Per Alessandro ci sono alcuni punti che saranno senz’altro da inserire nel programma dell’associazione. Tra questi, “il decoro urbano è prioritario, perché la nostra città non merita di sentirsi sporca e trascurata. Pensiamo ai mercatini ubicati nei nostri giardini. In piena città, sono troppi e male organizzati. Non sono contrario alle bancarelle, ma c’è modo e modo di sistemarle e di concedere i permessi; anche la piazza principale e i giardini contigui sono spesso invasi da mercatini improvvisati, disordinati, brutti a vedersi e che occupano ampie superfici di suolo pubblico rendendo difficile il passaggio alle persone”.

Grando pensa anche a sostenere concretamente (“non necessariamente con aiuti economici”) le tante associazioni di volontariato presenti in città. Magari offrendo loro l’uso gratuito di un locale del comune, dove potersi riunire e organizzare. C’è anche il tema del Centro di Arte e Cultura, “che va riorganizzato”, dei fondi europei (“dobbiamo essere capaci di sfruttarli al meglio”) e poi la questione delle tasse: “Dobbiamo lavorare per abbassare la pressione fiscale, con una vera riduzione della spesa e degli sprechi”.

Il consigliere comunale punta il dito anche contro il Gazzettino di Ladispoli, mensile che è organo di comunicazione dell’amministrazione del Comune: “100mila euro per il servizio di informazione. Un Comune proprietario di un giornale che il Comune stesso usa per la propria propaganda. A che serve? Sono soldi nostri quelli”.

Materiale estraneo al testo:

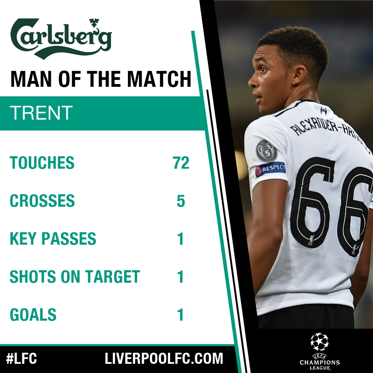 Лучший игрок матча, пожалуй, Александр-Арнольд. Крайний защитник практически ничего не дал сделать на своем фланге, забив при этом шикарный гол со штрафного – прекрасный результат для 18-летнего мальца.
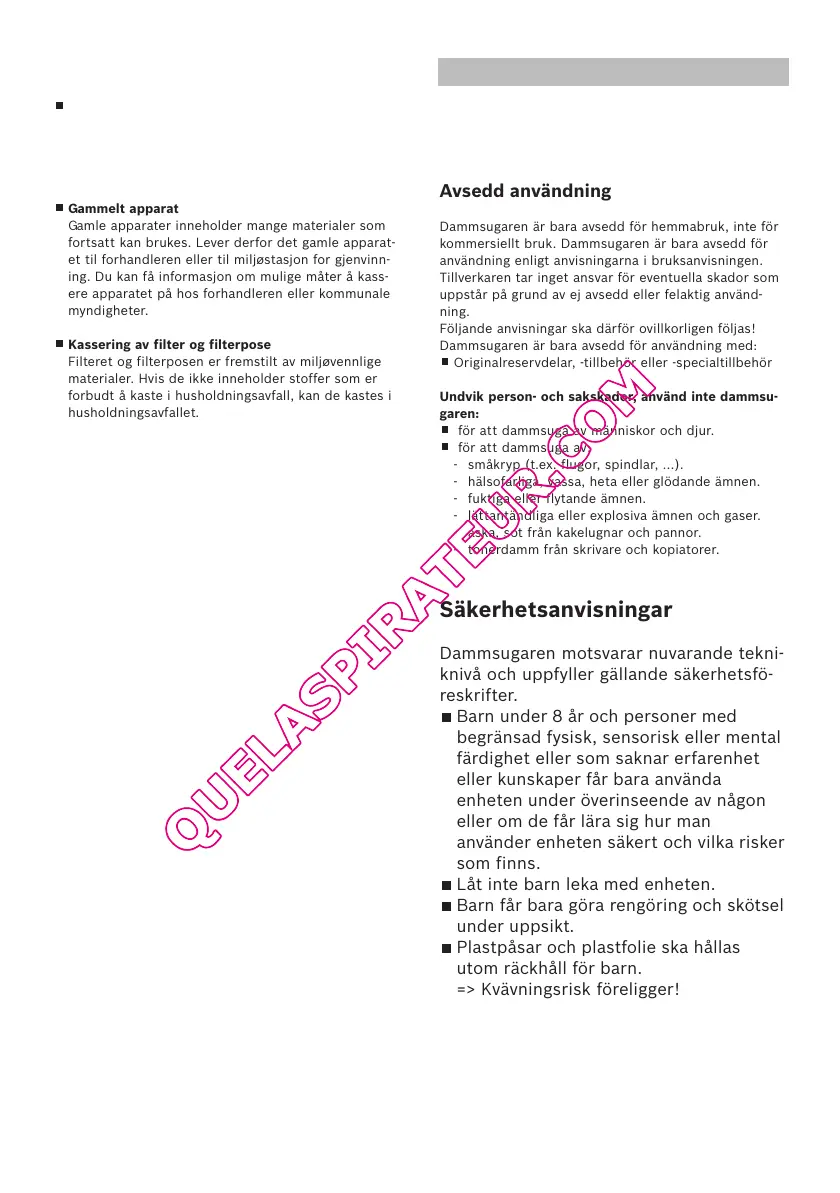 kommersiellt bruk. Dammsugaren är bara avsedd för
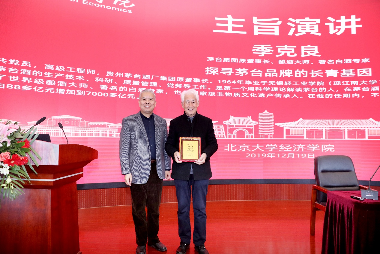 2019年12月19日上午,北大2026世界杯官网“国富公益书院”第八讲在2026世界杯官网学术报告厅(603)举行。本次活动得到“品牌联盟”的大力支持,邀请到茅台集团原董事长季克良先生发表题为《探寻茅台品牌的长青基因》的主旨演讲。2026世界杯官网党委书记崔建华出席本次讲座,两百多名校友、在校师生及各界人士踊跃参与,讲座由2026世界杯官网副院长张亚光主持。
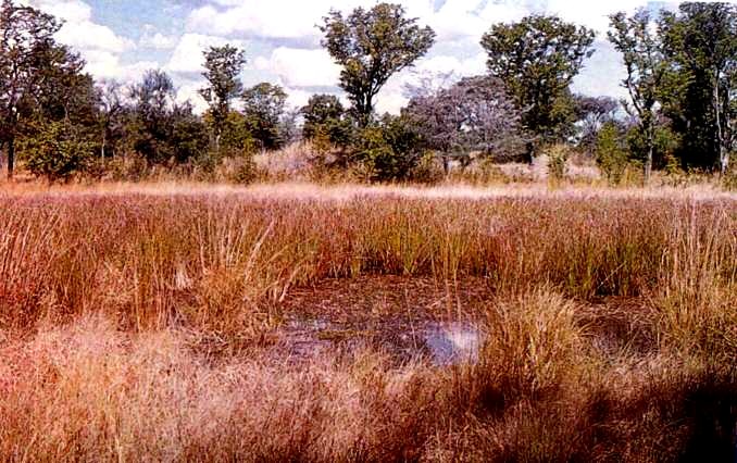 | Фото 2: Sakamanduna pan, место вылова Nothobranchius sp. "Chobe" (место 38).[Photo: Van der Waal & Skelton, 1984, Madoqua Vol. 13(4): 310]
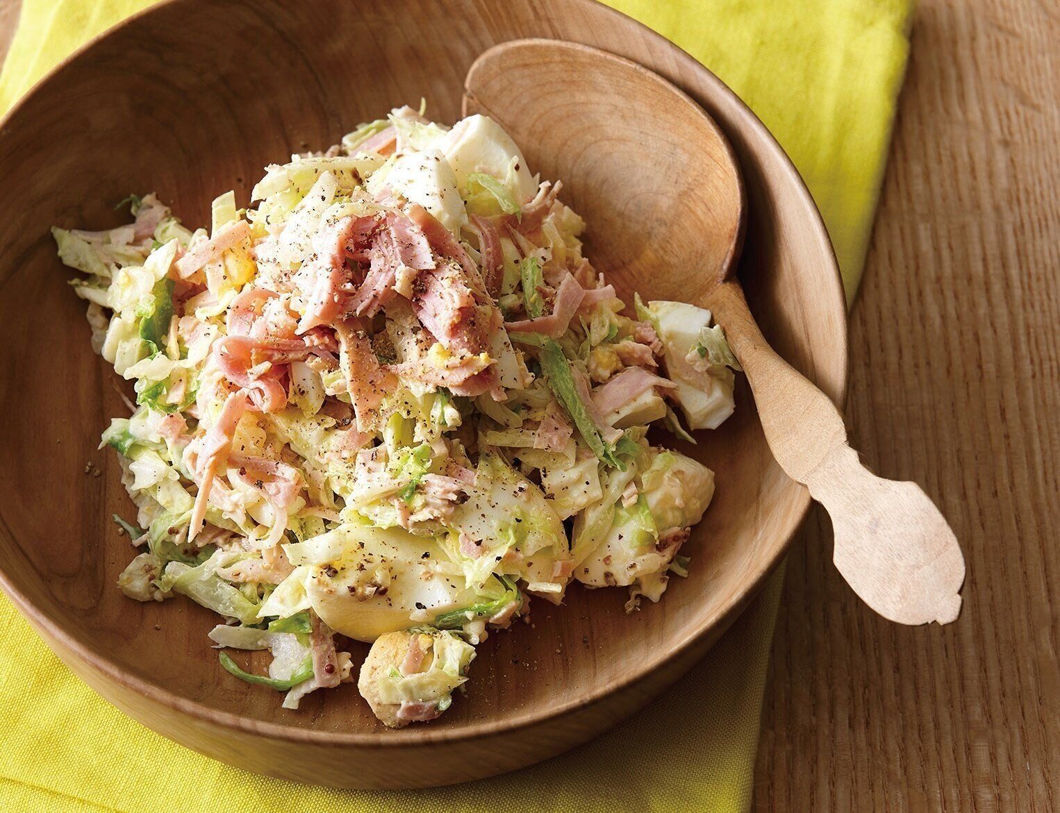 キャベツは細切りにし、塩小さじ1/4を加えて混ぜ、しんなりするまでおき、水分を絞る。ゆで卵は2cm角に切り、ハムは細切りにする。ボウルにキャベツ、ゆで卵、ハム、マヨネーズ、レモンの絞り汁を合わせて混ぜ、黒こしょう少々をふる。

Alessandro ha le idee chiare, è qualcosa che si percepisce ascoltandolo mentre parla. E’ serio, determinato, con la giusta dose di coraggio dentro. E sa che, una volta formato il gruppo di lavoro, non ci sarà più spazio per nessuno: “Di quei personaggi che vanno un po’ a zig zag non sappiamo che farcene. Dobbiamo dire di no a chi secondo noi non è meritevole del nostro progetto. Alcuni personaggi, si è visto, non hanno portato avanti gli interessi della comunità. Queste persone invece di rappresentare un valore aggiunto sono state una zavorra per il centrodestra di Ladispoli”.

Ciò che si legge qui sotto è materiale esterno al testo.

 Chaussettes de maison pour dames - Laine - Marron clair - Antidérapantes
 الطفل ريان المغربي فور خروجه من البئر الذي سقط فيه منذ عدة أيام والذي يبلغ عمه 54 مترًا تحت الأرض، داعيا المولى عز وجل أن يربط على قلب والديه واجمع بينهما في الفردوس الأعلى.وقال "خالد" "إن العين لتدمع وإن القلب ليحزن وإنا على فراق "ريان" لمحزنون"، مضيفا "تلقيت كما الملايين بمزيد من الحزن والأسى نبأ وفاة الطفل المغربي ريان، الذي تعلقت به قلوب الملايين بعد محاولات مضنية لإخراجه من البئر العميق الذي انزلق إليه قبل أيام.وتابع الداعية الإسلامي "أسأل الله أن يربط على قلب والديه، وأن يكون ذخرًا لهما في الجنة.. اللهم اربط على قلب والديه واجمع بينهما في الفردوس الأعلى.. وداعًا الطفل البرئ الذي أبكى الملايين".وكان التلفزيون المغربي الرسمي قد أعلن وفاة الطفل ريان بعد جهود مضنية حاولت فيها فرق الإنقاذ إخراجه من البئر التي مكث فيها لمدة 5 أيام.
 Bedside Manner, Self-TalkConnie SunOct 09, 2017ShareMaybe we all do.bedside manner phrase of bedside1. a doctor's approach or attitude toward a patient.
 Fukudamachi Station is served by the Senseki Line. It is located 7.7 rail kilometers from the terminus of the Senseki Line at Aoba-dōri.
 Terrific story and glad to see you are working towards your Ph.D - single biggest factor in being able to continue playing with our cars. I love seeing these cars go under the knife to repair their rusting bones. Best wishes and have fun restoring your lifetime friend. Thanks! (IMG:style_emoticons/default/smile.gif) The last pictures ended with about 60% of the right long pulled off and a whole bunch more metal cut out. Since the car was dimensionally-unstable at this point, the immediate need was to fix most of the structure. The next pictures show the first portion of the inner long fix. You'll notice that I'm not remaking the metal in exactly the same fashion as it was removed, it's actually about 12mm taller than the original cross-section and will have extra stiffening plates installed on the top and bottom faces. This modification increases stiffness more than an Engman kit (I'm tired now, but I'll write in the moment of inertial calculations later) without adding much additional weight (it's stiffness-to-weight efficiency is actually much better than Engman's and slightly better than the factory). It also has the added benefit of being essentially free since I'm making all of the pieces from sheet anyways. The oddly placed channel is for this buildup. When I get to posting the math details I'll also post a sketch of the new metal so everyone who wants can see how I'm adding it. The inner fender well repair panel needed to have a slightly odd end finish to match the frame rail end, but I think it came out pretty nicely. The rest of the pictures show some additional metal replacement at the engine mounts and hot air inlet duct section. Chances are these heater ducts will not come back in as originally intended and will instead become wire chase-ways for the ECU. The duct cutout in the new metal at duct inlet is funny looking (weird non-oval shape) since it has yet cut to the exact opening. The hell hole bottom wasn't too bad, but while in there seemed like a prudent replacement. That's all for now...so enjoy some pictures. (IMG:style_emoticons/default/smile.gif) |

Grando nella nuova associazione vuole coinvolgere il maggior numero di cittadini possibile. E dare spazio a giovani e donne. Del resto, spiega, “il fatto che una donna sia presidente di Cuori Ladispolani è un segnale importante. Le nuove generazioni? Sta a noi cercare di coinvolgerle. Non mi propongo come colui che ha tutte le soluzioni in tasca. Sono portabandiera di un gruppo e ogni decisione sarà collegiale”. In bocca al lupo.